● DIRECTIONS: Can you transcribe every entry word for word, skipping the images?

(Records drawn from a dataset)
—————
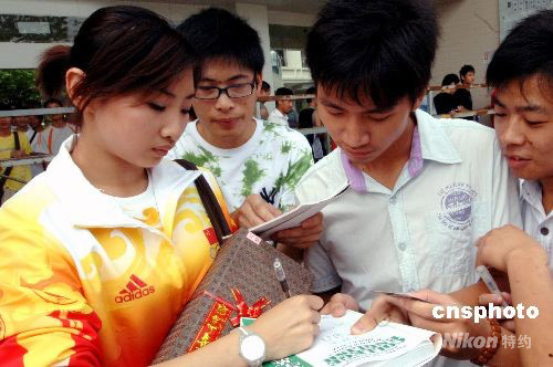 圖為被譽(yù)為中國最美奧運(yùn)冠軍的何雯娜為眾多大學(xué)生“粉絲”簽名。 中新社發(fā) 劉可耕 攝
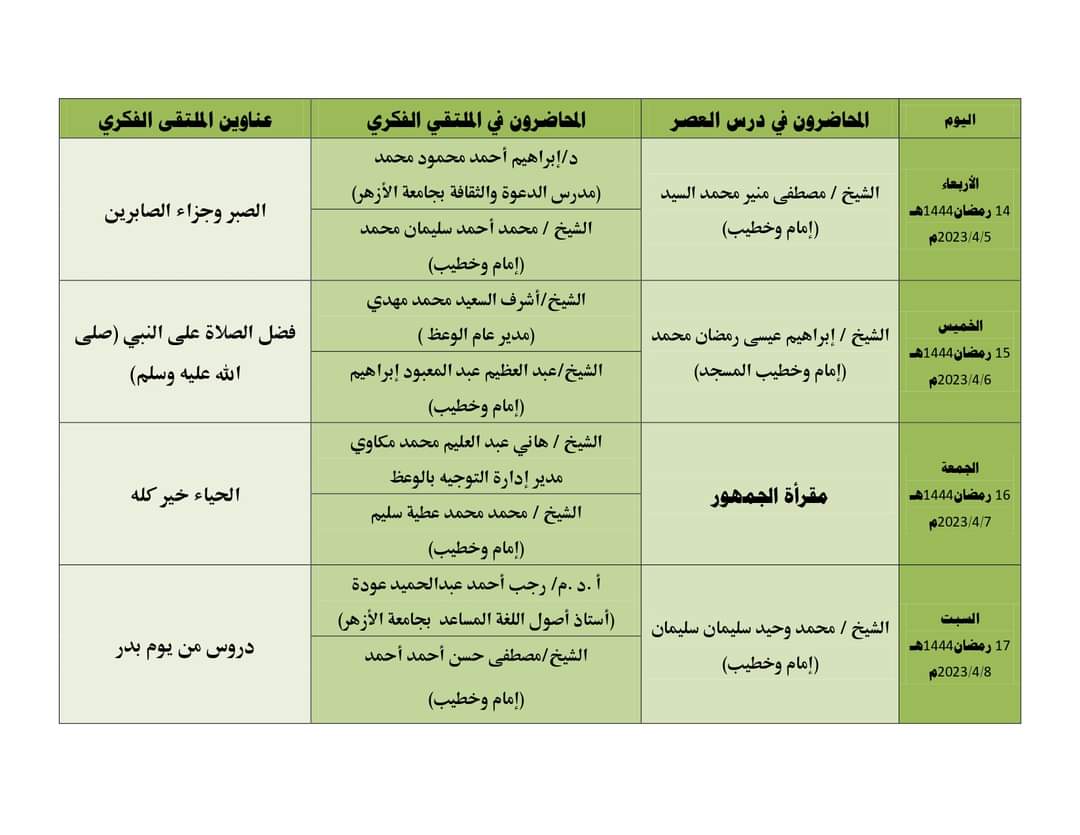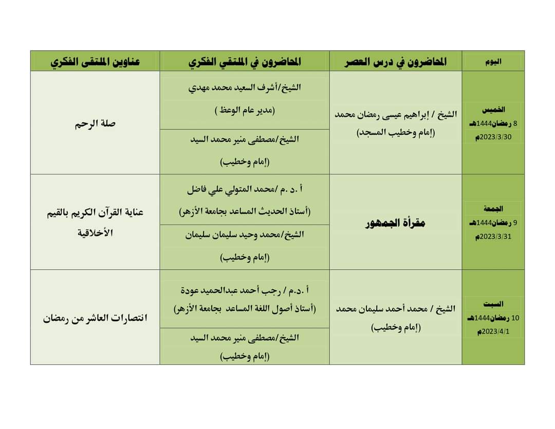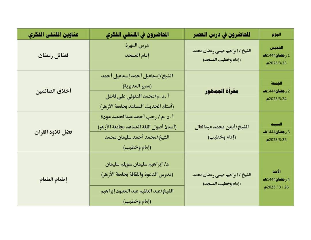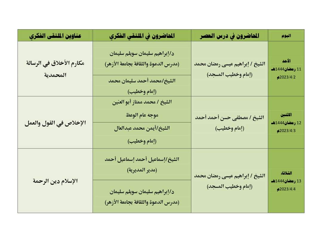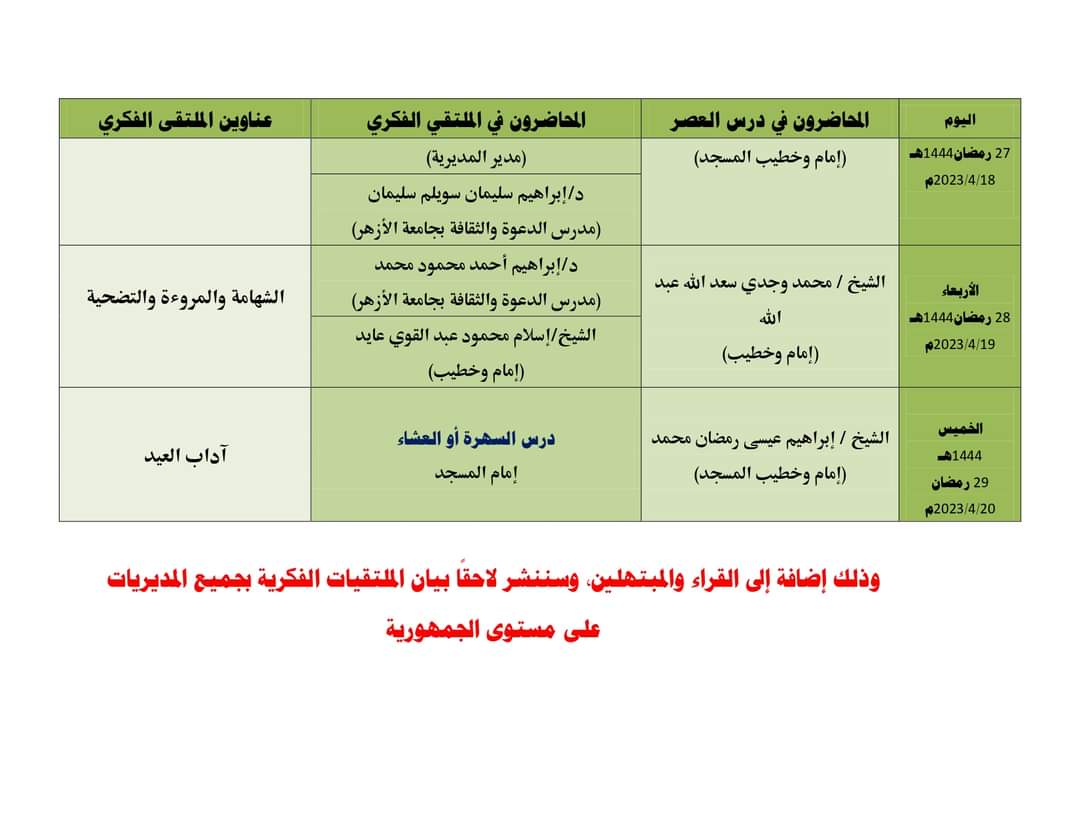 ومن جانبه قال فضيلة الدكتور الشيخ إسماعيل أحمد إسماعيل أحمد مدير مديرية الأوقاف في محافظة لإسماعيلية إن المديرية قد انتهت من الإعداد لملتقى الفكر الرمضاني عام 1444هــ - 2023م الذي يعقد يوميًّا عقب صلاة التراويح بمسجد ( أبو بكر الصديق) بميدان شمبليون بحي الإفرنج بالإسماعيلية.
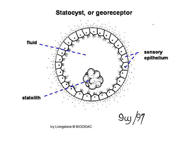The middle lobe of the mantle edge has most of a bivalve's sensory organs. Paired statocysts , which are fluid filled chambers with a solid granule or pellet (a statolity) are in the mussel's foot. The statocysts help the mussel with georeception, or orientation.
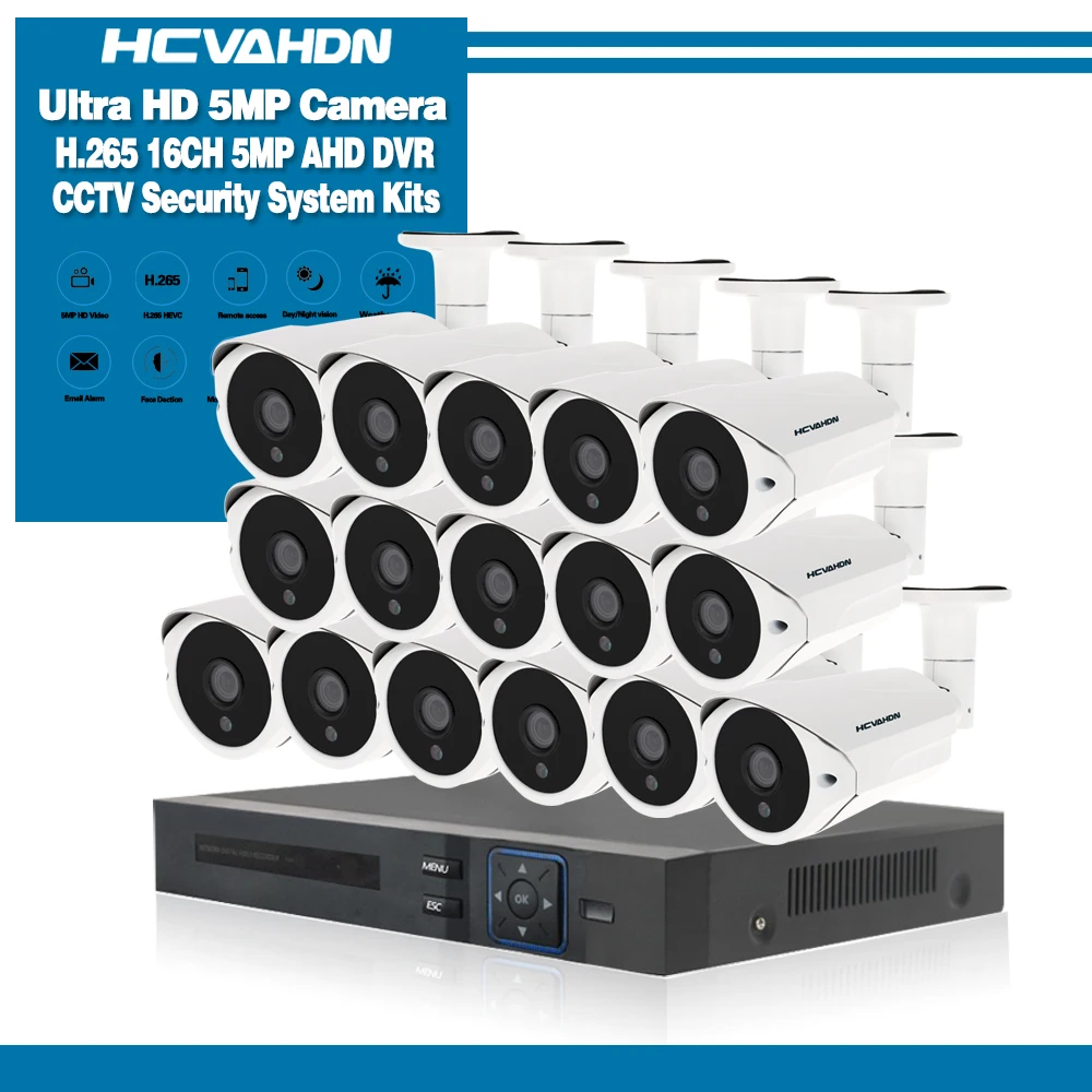 H.265 5MP 16CH Video Surveillance System with 16pcs 5.0MP Night Vision Outdoor/Indoor Home Security
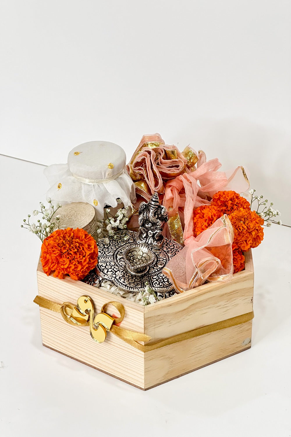 Thoughtfully curated to bring warmth and elegance to your festival. This rustic bamboo box holds...
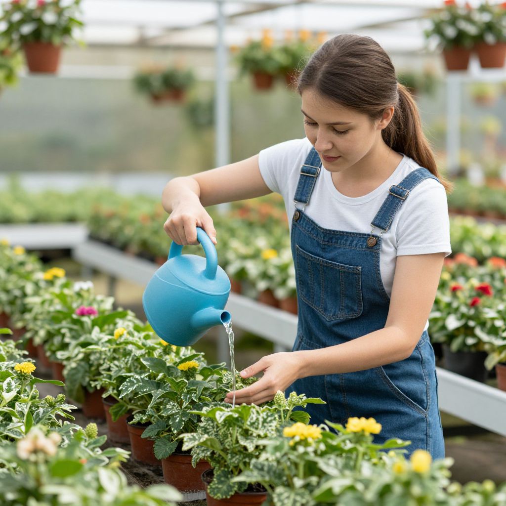Woman Watering Plants in Nursery
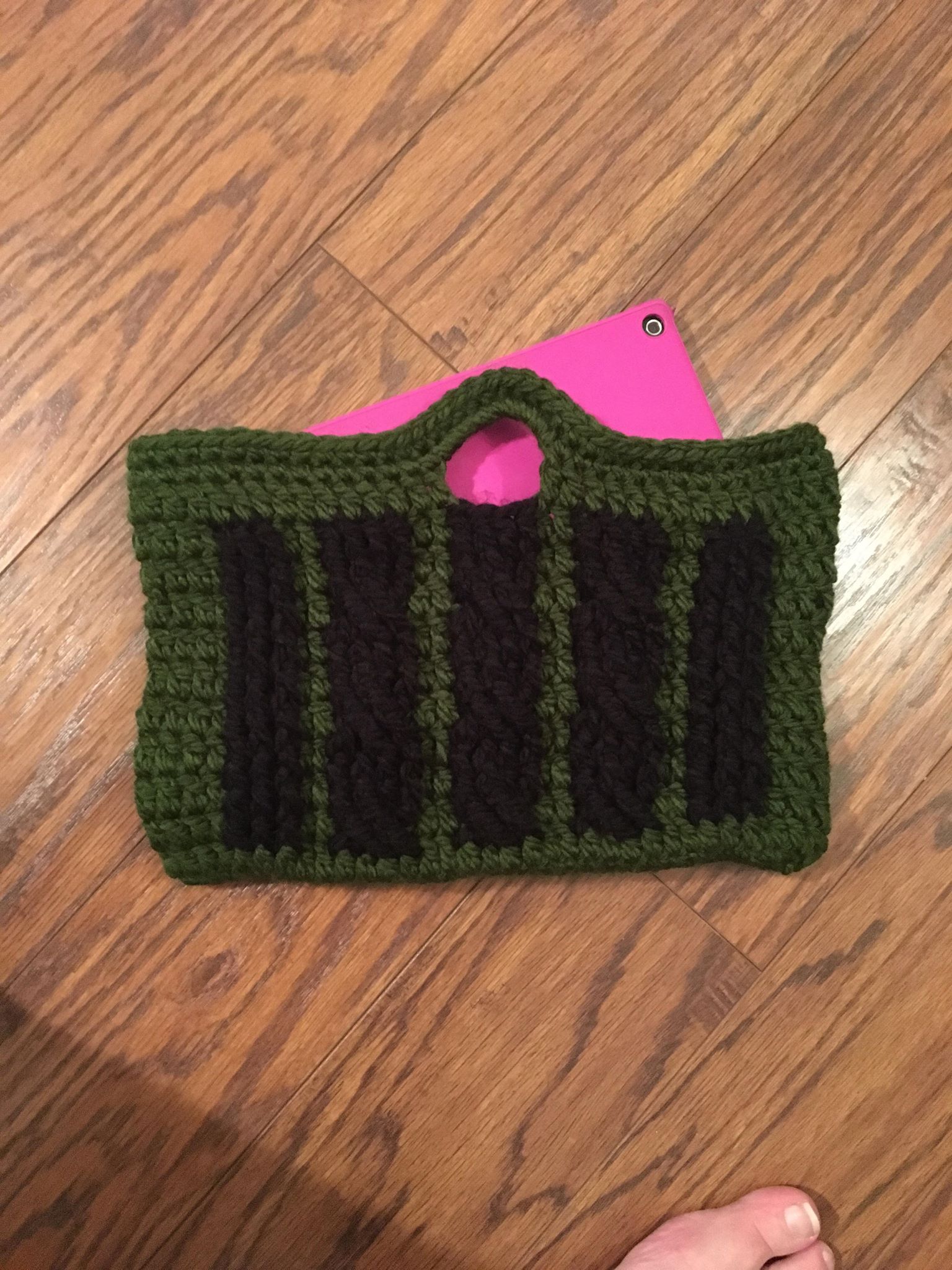 My mom bought a new iPad and wanted something to carry it in to help protect it. My mom asked me to make her something she could carry it around in. Therefore the Sharon Bag was created.
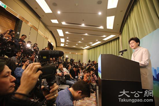 图:林郑月娥昨于会展中心召开记者会,正式宣布参选下一任行政长官/大公报记者麦润田摄
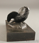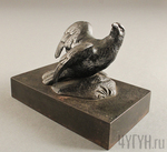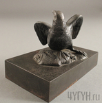 На высокой, симметричной, и плотной подставке изображена небольшая фигура птицы, расправившей свои крылья. Она поворачивает голову и смотрит вдаль. Птица изображена на небольшом уплотнении на подставке, имитирующем почву. Отдельного внимания заслуживает мелко отчеканенное оперение птицы, а также её лапы, имеющие мелкую резьбу.
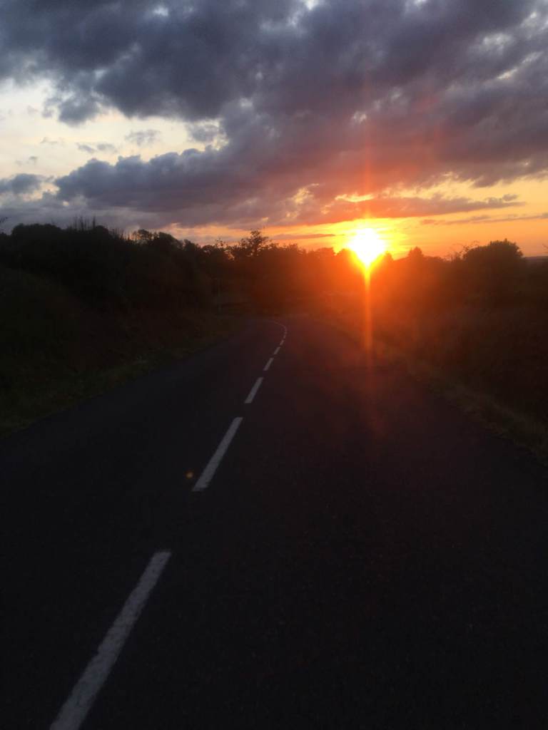 With around 40 miles to go, another racer caught me up. We chatted for a little while and again, his pace was much higher than mine so he cracked on. As the sun was setting and darkness started to take over, his rear light was flashing around half a mile ahead of me. As the roads were straight, I could see it well. So to spur me on, I made a pact with myself that I needed to keep that rear red light in sight and I would make it in time.
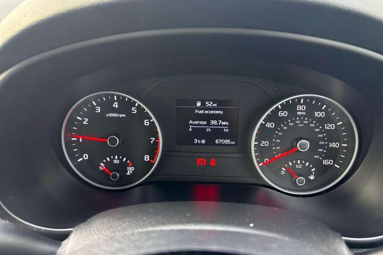 3.5" supervision cluster display, 7" colour touchscreen audio display, Android auto with voice control, Apple car play with voice control, Bluetooth connectivity with voice control, Cruise control, Digital clock, Emergency stop signalling system, Reversing camera, Speed sensitive power steering, Trip computer, Windscreen washer level indicator, Intelligent Stop and Go, 6 speaker audio system, Bluetooth audio streaming, DAB Radio with MP3, Steering wheel mounted audio controls, USB/iPod/auxiliary input connections, All round electric windows with drivers auto down function, Automatic headlights, Bi-Function halogen headlights, Black diamond mesh radiator grille, Black side sill and wheel arch body mouldings, Body colour door handles, Body colour door mirrors, Chrome grille surround, Chrome window surround, Cornering light, Electrically adjustable door mirrors, Front fog lights, Headlamp levelling, High gloss black front bumper strip, LED daytime running lights, Rear spoiler, Rear wiper, Shark fin antenna, Speed sensitive front wipers, Tinted glass, Trailer stability assist, 12V power in front and rear centre console, 3 x passenger assist grips, 60/40 split folding rear seat, Air conditioning, Air filter, All-round height adjustable headrests, Centre cabin light, Centre console storage box, Cloth upholstery, Driver and front passenger side sunvisors with illuminated vanity mirrors, Driver's seat manual height adjust, Front and rear door storage, Front cabin LED map light with sunglasses case, Front door courtesy reflectors, Front seat and rear pockets, Front/rear centre armrests, Gear shift indicator, Glovebox illumination, Ignition key lock illumination, Illuminated glovebox, Interior door lock/unlock function, ISOFIX Child seat top tethers and anchor fixings, Leather steering wheel, Leather trimmed gearshift, Light grey headlining, Luggage area light, Luggage area load cover, Luggage net with hooks, Metallic finish inner door handles, Rear centre armrest with cupholder, Rear coat hooks, Rear headrests, Tilt/telescopic adjustable steering wheel, Ventilation ducts to rear compartment, 3x3 point rear seatbelts, Active front headrests, All round 3-point seatbelts, Anti-lock braking system with electronic brakeforce distribution, Dual front side airbags, Electronic stability control with downhill brake control, ESP + traction control, Front passenger airbag cut-off switch, Front seatbelt pretensioners + load limiters, Height adjustable front seatbelts, Hill start assist control (HAC), Impact sensing auto door unlocking, Rear door child safety locks, Twin curtain airbags with roll over sensor, Twin front airbags, Tyre pressure monitoring system, Advanced anti-theft system including immobiliser and alarm, Door deadlocks, Locking wheel nuts, Remote central door locking with fold away key, Speed sensitive auto door locking, Visible vehicle identification number, Metallic finish centre fascia, 16" alloy wheels, Tyre mobility system,
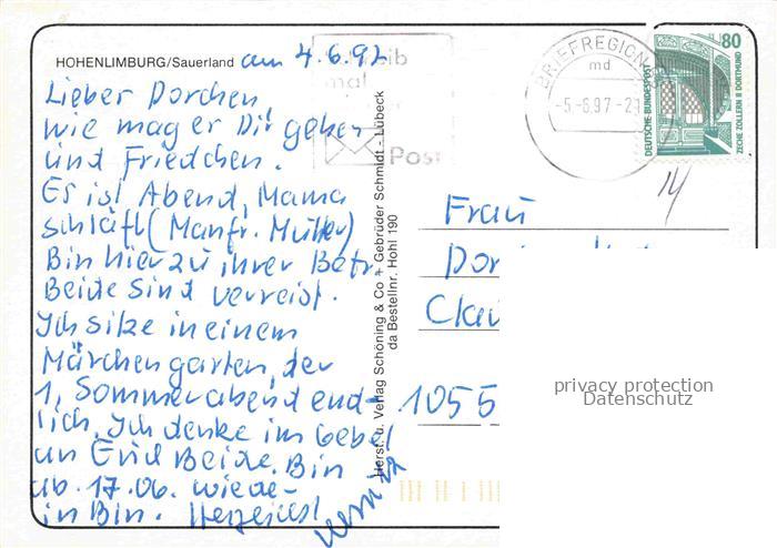 74023776 alte Postkarte Hohenlimburg Limburger Freiheit Fussgaengerzone Lennepark Partie am Hallenbad postalisch gelaufen Erhaltung siehe scans [FriedD77] KatCode: 11110005914000
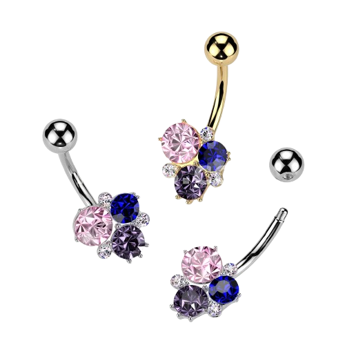 Triple Marquise CZ Flowers Dangle with Gemmed Top Surgical Steel Belly Button Navel Rings
—————
● YOUR RESPONSE:
 圖為被譽(yù)為中國最美奧運(yùn)冠軍的何雯娜為眾多大學(xué)生“粉絲”簽名。 中新社發(fā) 劉可耕 攝
 ومن جانبه قال فضيلة الدكتور الشيخ إسماعيل أحمد إسماعيل أحمد مدير مديرية الأوقاف في محافظة لإسماعيلية إن المديرية قد انتهت من الإعداد لملتقى الفكر الرمضاني عام 1444هــ - 2023م الذي يعقد يوميًّا عقب صلاة التراويح بمسجد ( أبو بكر الصديق) بميدان شمبليون بحي الإفرنج بالإسماعيلية.
The middle lobe of the mantle edge has most of a bivalve's sensory organs. Paired statocysts , which are fluid filled chambers with a solid granule or pellet (a statolity) are in the mussel's foot. The statocysts help the mussel with georeception, or orientation.
 H.265 5MP 16CH Video Surveillance System with 16pcs 5.0MP Night Vision Outdoor/Indoor Home Security
 Thoughtfully curated to bring warmth and elegance to your festival. This rustic bamboo box holds...
Woman Watering Plants in Nursery
 My mom bought a new iPad and wanted something to carry it in to help protect it. My mom asked me to make her something she could carry it around in. Therefore the Sharon Bag was created.
 图:林郑月娥昨于会展中心召开记者会,正式宣布参选下一任行政长官/大公报记者麦润田摄
 На высокой, симметричной, и плотной подставке изображена небольшая фигура птицы, расправившей свои крылья. Она поворачивает голову и смотрит вдаль. Птица изображена на небольшом уплотнении на подставке, имитирующем почву. Отдельного внимания заслуживает мелко отчеканенное оперение птицы, а также её лапы, имеющие мелкую резьбу.
 With around 40 miles to go, another racer caught me up. We chatted for a little while and again, his pace was much higher than mine so he cracked on. As the sun was setting and darkness started to take over, his rear light was flashing around half a mile ahead of me. As the roads were straight, I could see it well. So to spur me on, I made a pact with myself that I needed to keep that rear red light in sight and I would make it in time.
 3.5" supervision cluster display, 7" colour touchscreen audio display, Android auto with voice control, Apple car play with voice control, Bluetooth connectivity with voice control, Cruise control, Digital clock, Emergency stop signalling system, Reversing camera, Speed sensitive power steering, Trip computer, Windscreen washer level indicator, Intelligent Stop and Go, 6 speaker audio system, Bluetooth audio streaming, DAB Radio with MP3, Steering wheel mounted audio controls, USB/iPod/auxiliary input connections, All round electric windows with drivers auto down function, Automatic headlights, Bi-Function halogen headlights, Black diamond mesh radiator grille, Black side sill and wheel arch body mouldings, Body colour door handles, Body colour door mirrors, Chrome grille surround, Chrome window surround, Cornering light, Electrically adjustable door mirrors, Front fog lights, Headlamp levelling, High gloss black front bumper strip, LED daytime running lights, Rear spoiler, Rear wiper, Shark fin antenna, Speed sensitive front wipers, Tinted glass, Trailer stability assist, 12V power in front and rear centre console, 3 x passenger assist grips, 60/40 split folding rear seat, Air conditioning, Air filter, All-round height adjustable headrests, Centre cabin light, Centre console storage box, Cloth upholstery, Driver and front passenger side sunvisors with illuminated vanity mirrors, Driver's seat manual height adjust, Front and rear door storage, Front cabin LED map light with sunglasses case, Front door courtesy reflectors, Front seat and rear pockets, Front/rear centre armrests, Gear shift indicator, Glovebox illumination, Ignition key lock illumination, Illuminated glovebox, Interior door lock/unlock function, ISOFIX Child seat top tethers and anchor fixings, Leather steering wheel, Leather trimmed gearshift, Light grey headlining, Luggage area light, Luggage area load cover, Luggage net with hooks, Metallic finish inner door handles, Rear centre armrest with cupholder, Rear coat hooks, Rear headrests, Tilt/telescopic adjustable steering wheel, Ventilation ducts to rear compartment, 3x3 point rear seatbelts, Active front headrests, All round 3-point seatbelts, Anti-lock braking system with electronic brakeforce distribution, Dual front side airbags, Electronic stability control with downhill brake control, ESP + traction control, Front passenger airbag cut-off switch, Front seatbelt pretensioners + load limiters, Height adjustable front seatbelts, Hill start assist control (HAC), Impact sensing auto door unlocking, Rear door child safety locks, Twin curtain airbags with roll over sensor, Twin front airbags, Tyre pressure monitoring system, Advanced anti-theft system including immobiliser and alarm, Door deadlocks, Locking wheel nuts, Remote central door locking with fold away key, Speed sensitive auto door locking, Visible vehicle identification number, Metallic finish centre fascia, 16" alloy wheels, Tyre mobility system,
 74023776 alte Postkarte Hohenlimburg Limburger Freiheit Fussgaengerzone Lennepark Partie am Hallenbad postalisch gelaufen Erhaltung siehe scans [FriedD77] KatCode: 11110005914000
 Triple Marquise CZ Flowers Dangle with Gemmed Top Surgical Steel Belly Button Navel Rings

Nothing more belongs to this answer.